Oct 03 2012

False premise in the Luna Laws

Published by at 12:48 pm under Carlson,Idaho

carlson
Chris Carlson
Carlson Chronicles

At the core of the Otter/Luna reforms there is a false premise—-that state government bureaucrats can design a logical, defensible set of metrics to measure how good a teacher is.
Don’t believe it. There are only two ways to evaluate a teacher: 1) the evaluator has to spend hours in the class observing to see if learning is taking place; and, 2) ask the students—-they always can name the teachers who teach and they respect, and the one’s who babysit and they don’t respect.

The state department of education should quit trying to have it both ways. On the one hand they say local school boards call the shots, but on the other hand they provide “guidelines” to determine who is and isn’t a good teacher. In fairness to the department, they do allow on a local option basis input by students in the evaluation of teachers. And they do mandate in class observation – at least once during a school term.

They also mandate some sort of proof of parental involvement in the evaluation of teachers, but they leave it to the local school board to determine what form and whether a teacher’s evaluation is incomplete without the parental assessment.

What to do about parents who don’t care and won’t participate is apparently a problem left to the teacher and the board to solve, but an evaluation is not complete in the eyes of the state office without the parental involvement portion.

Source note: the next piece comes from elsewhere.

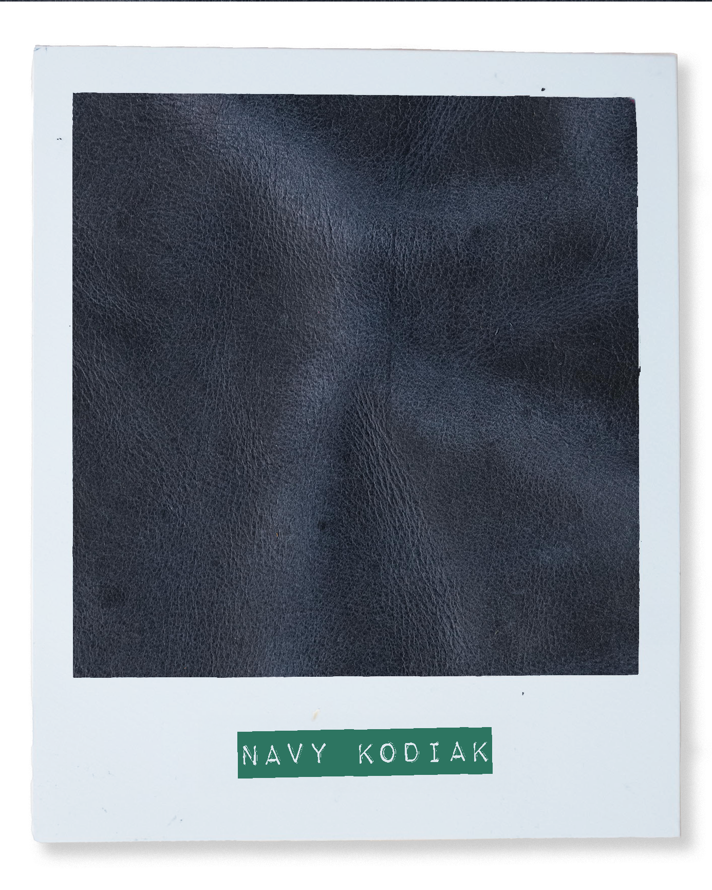 See more in Navy Kodiak, a pebbled, oil-tanned leather with a slouchy temper and soft feel.

So, what do good bureaucrats do? With the participation of the teachers they create a form with lots of numerical goals and metrics. Examine one of the forms though and it is pure b.s. It is a statistic driven exercise regarding who can most creatively figure out how to game the system and turn the form into a positive evaluation.

It is another iteration of the phony STAR system created by the department to help one determine the better public schools in an area. So surprise, surprise, Benewah County turns out to have a five star elementary and a couple of four star schools as well.

I’m sorry folks, but with all due respect to the teachers and administrators who work hard under difficult circumstances there are no five star and four star schools in Benewah County.

I taught eighth and ninth grade at Kootenai Jr.-Sr. High School one year after college graduation, the academic year 1968-1969. Recently I attended the 40th reunion of that ninth grade class. Though sparsely attended every one of those students immediately recalled how I had made poetry come alive for them by initially playing some Simon and Garfunkel songs and some Beatle songs.

I had the lyrics written on the blackboard also and began showing them the standard rhetorical devices used by the song writers’ common also to the great writers of poetry. Suddenly poetry was much more interesting to them. By the time I asked them to produce their own poems every one of the eighth and ninth graders was able to produce some pretty fair stuff.

I knew I had touched every one of my students for the better. Unbeknownst to me the school superintendent was listening outside the classroom door (he never came into the class), and he decided that since I was a Columbia graduate and playing radical songs by the Beatles I must be a communist.

He wrote my draft board and asked that they rescind my teaching deferment and suggested I be drafted and sent to Vietnam. The draft board was only too happy to throw me into the draft pool.

I appealed to the school board at a meeting in which almost all the parents of my students showed up and asked that the superintendent be fired. The school board, impressed by the many testimonials from parents regarding my teaching, did fire the superintendent on the spot.

The system worked one might say but I chose to pursue my Master’s the next year rather than return because, grateful though I was for all the support, it was an early lesson in the petty politics that exist in all schools and it left a sour taste.

So what’s the answer? Here I part company with the teacher’s union which steadfastly insists on protecting the weakest link. There are good teachers, who don’t have to fear evaluation, and there are a few squares in round holes who shouldn’t be teaching and school boards have to be able to remove a bad teacher without facing the threat of lawsuits.

My answer is that teachers should be “at will” employees and leave it to the local school board to hire and fire without prescribing elaborate sets of criteria. If one mouths the mantra of local control, they ought to really walk the talk and quit promulgating all sorts of criteria.

My bottom line is repeal the phony top-down Otter/Luna Reforms and start over with the participation of all and come up with real reforms that restore real power to the local school boards.